De Beer’s book excels in gathering a great mass of material, including Bakhuizen’s drawings and prints, and ordering it chronologically. She also discusses a number of his most important followers and imitators. This is a valuable service considering the artist’s large oeuvre and the huge number of copies and imitations of his work. The information she provides on copies and variants of a number of major pictures will be of great interest to curators, dealers, and collectors, pending the publication of the catalogue raisonné that the jacket blurb notes she is producing. What is missing in this volume is a more synthesized vision of Bakhuizen’s career and his art. We have no sense of an overview of his preferences in subject matter – how often his paintings depict war ships and yet how rarely he depicts actual battles; how often his images involve ocean-going commerce or shipping in local waters, but how rarely he deals with fishing. His relationships with poets are mentioned but their implications are not considered in depth, just as his fame as a calligrapher is not brought into relation to his artistic stature and his consciousness of his own artistry and fame. The author emphasizes Bakhuizen’s strong tendency to reinvent the compositions and subjects of earlier generations of Dutch and Flemish marine artists. She also notes the number of self-portraits in his work, including six paintings. These images depict Bakhuizen as a gentleman; in one case, his learning in mathematics, geography, and astronomy and his skill as a writing master are emphasized. This all suggests a distinctly self-aware artist, who consciously sought to absorb and rework styles and subjects while retaining his own artistic identity. His failure to standardize the spelling of his family name until well into his career is thus surprising. Surprising, too, is De Beer’s use, without explanation, of the spelling ‘Backhuysen’ when the artist himself tended from the late 1680s to favor the spelling ‘Bakhuizen.’This is the spelling used in the notices of his death and the spelling adopted by the Amsterdam exhibition of 1985.
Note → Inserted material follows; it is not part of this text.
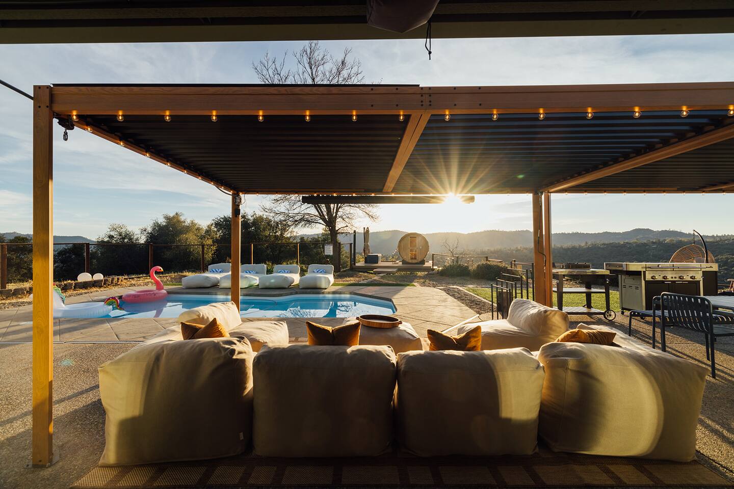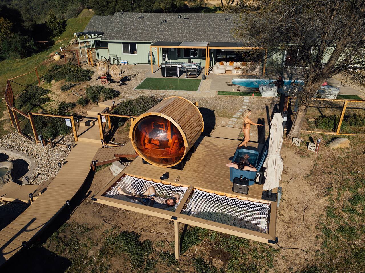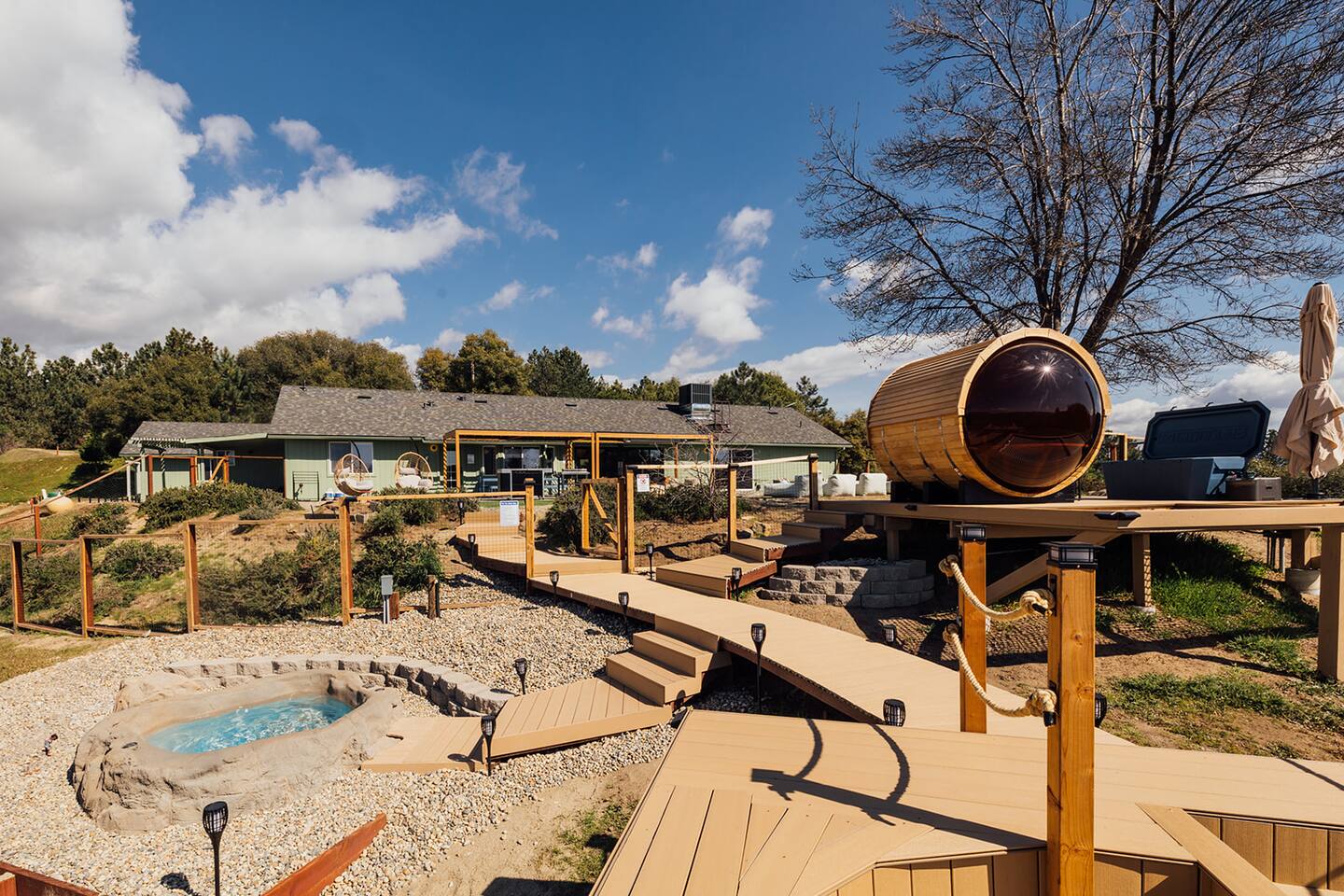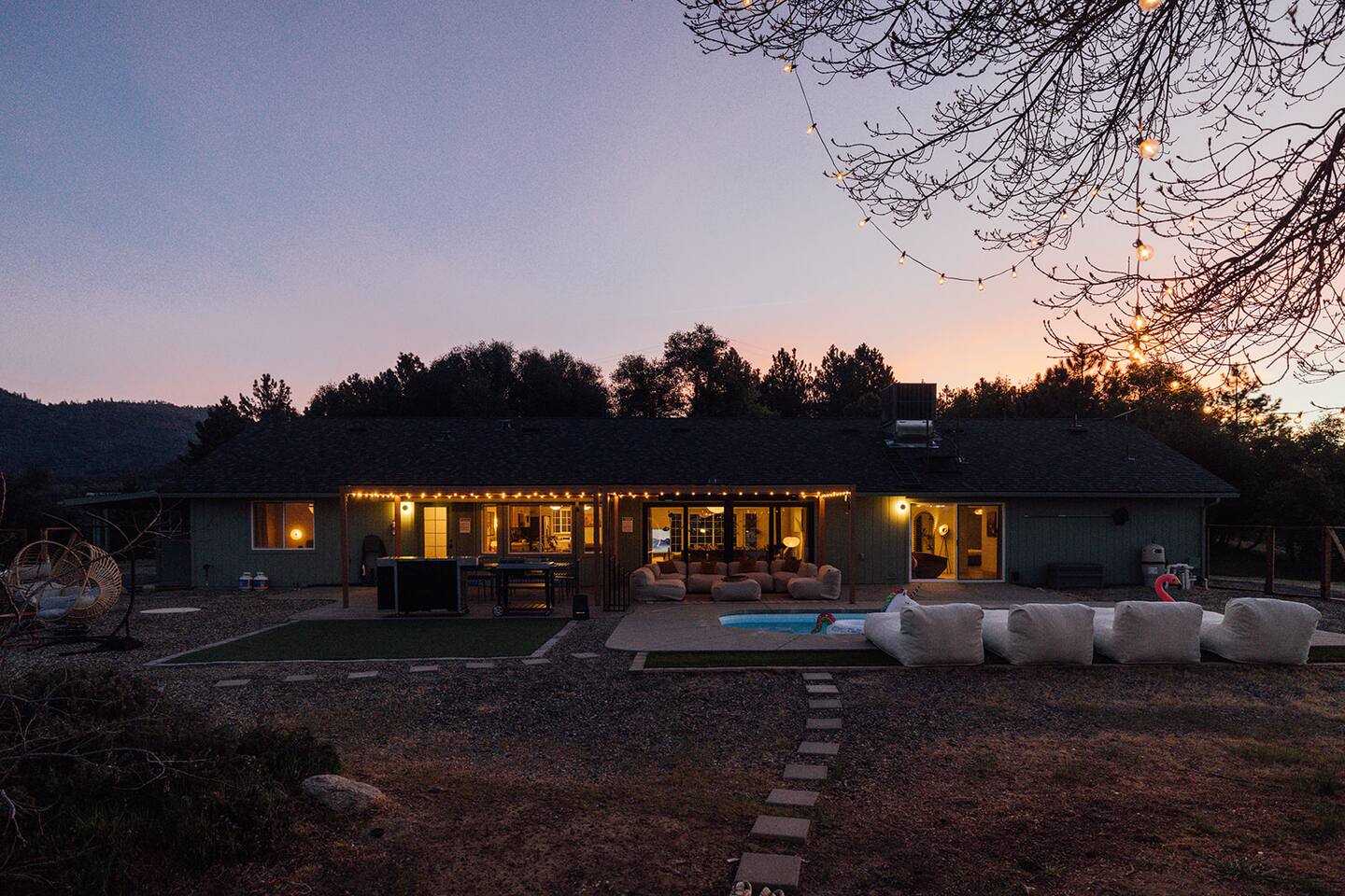 Experience quiet luxury, connection, and rejuvenation with the people who matter most. 🌙 ~38 min to Yosemite South Entrance | ~25 min to Bass Lake & Mariposa 🌙 3,000 sqft | 3.5-acre mountaintop wellness haven with views that envelop your soul 🌙 Pool + outdoor movie nights — laughter and starlit memories await 🌙 Earth Spa inspired by natural hot springs — a soak you won’t forget 🌙 Nordic Ritual — Barrel sauna, cold plunge, outdoor shower for total reset 🌙 Floating hammocks — drift atop the mountains like you’re on a cloud 🌙 Sunken fire pit deck — the ultimate gathering spot under the stars and the moon 🌙 Private gym opens to the outdoors — fresh air, sweeping views, mountain energy 🌙 Outdoor kitchen with grill, griddle, pizza stone — cook, savor, and make meals an experience 🌙 Astronomy binoculars — nights here deserve more than just a glance 🌙 Modern wood stove — cozy fireside chats on chilly nights 🌙 Stocked Nespresso bar — slow mornings, rich lattes, mountain calm in every sip 🌙 5 bedrooms | 6 king beds with hotel-quality linens — every sleep feels like a getaway 🌙 Japandi elegance meets Mid-Century Modern charm — warm, cozy, quietly cinematic ✨ Every detail here was intentionally curated to create more than a stay — a place where wellness turns into genuine happiness.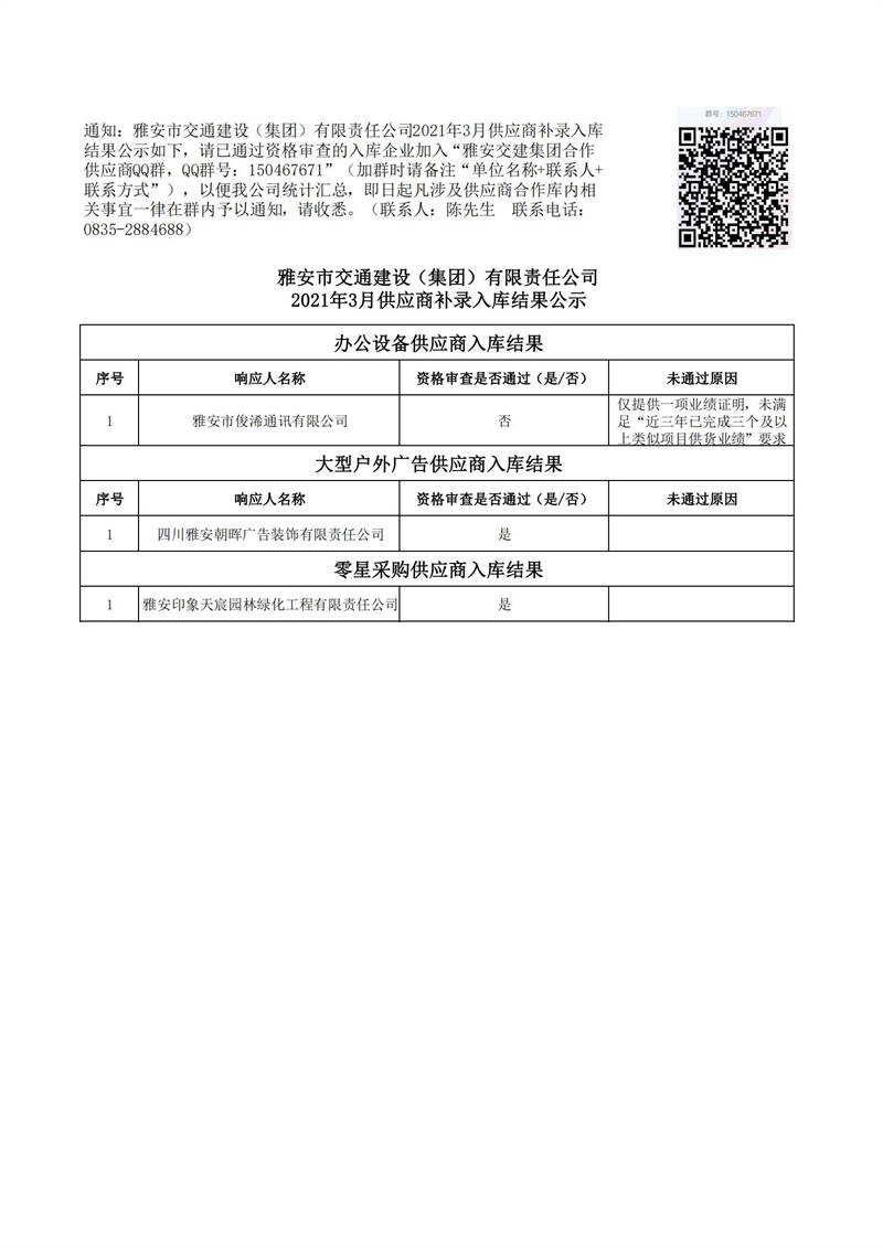 雅安市交通建設(shè)(集團(tuán))有限責(zé)任公司2021年3月供應(yīng)商補(bǔ)錄入庫結(jié)果公示

The production of the book is for the most part lavish and well-organized. The large number of excellent color reproductions is a valuable feature. I do have two quibbles. Many detail photographs are reproduced at the same or nearly the same scale as the whole image, in effect cancelling the point of a detail. All reproductions of Bakhuizen’s pictures have both a figure number and a catalogue number, the latter presumably referring to De Beer’s forthcoming catalogue raisonné. It is sometimes difficult to locate illustrations, since the text often cites pictures by catalogue number, while the illustrations are numbered sequentially by figure number. These are, of course, minor points in a book that makes an overview of the work of a major artist available for the first time.